His problem was the Bosurgi Syndrome, which kept him relentlessly in anxiety and fears all
his life, like a scared ten-year-old kid trapped in an adult body and mind. He became an actor
in order to use, like Danny, the identity of his movies’ characters to be confident and
powerful. He was good, so he got to the top of the list, but his struggle was unbearable.

“He confessed that the only times that he felt strong, brave, and buoyant were just before,
during, and a few months after shooting one of his action movies. This was also the only
time that he was able to do public appearances and media interviews. In between movies, he
would disappear into his houses, protected by security and staff, overwhelmed and totally
stuck by anxiety and fears. This, of course, was affecting his career, but mainly his personal
life. He couldn’t take the risk of letting people know that he was a fraud, so he would break
off all his dates (that were mostly started on set) almost immediately after the end of the
shoot. A total nightmare for the poor guy! He was smart and desperate, which are the best
assets in our work, and I got him out from his miseries in just a few weeks.

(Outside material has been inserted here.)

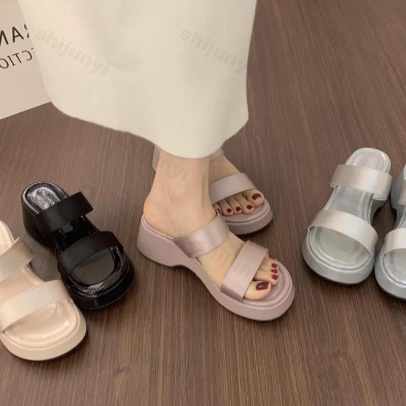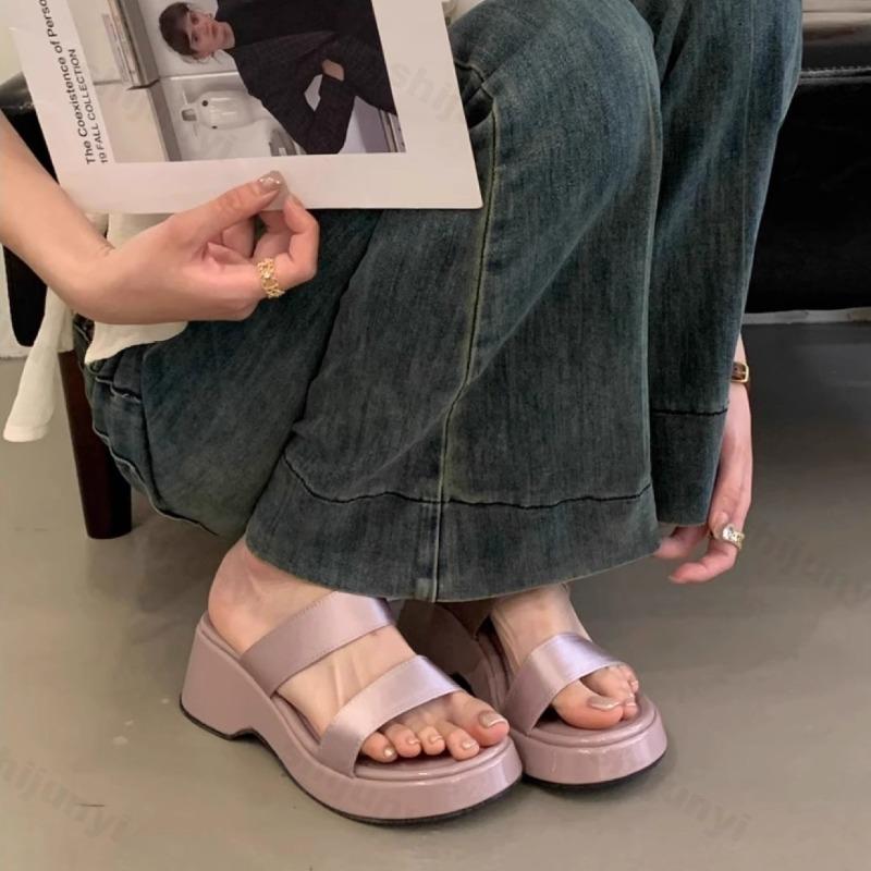 Модные шлепанцы на толстой подошве и наклонном каблуке для женщин, новинка лета 2025 года, уличные пляжные удобные сандалии в французском стиле с открытым носком

“This was about four years ago, and today he is the same man in his movies—strong,
powerful, and happily married with a great girl. Overnight, his acting became so much
stronger that his career gained further when he allowed himself to play different roles, and
he did it beautifully. In one of his houses, he still has a special room with the same chair and
gong that I use in my practice. He also continues to send me his directors and producers. He
is a great guy and a very charitable man. I think that for today, we can wrap up. Tomorrow
will be another long day, with Julie and Carla in action.”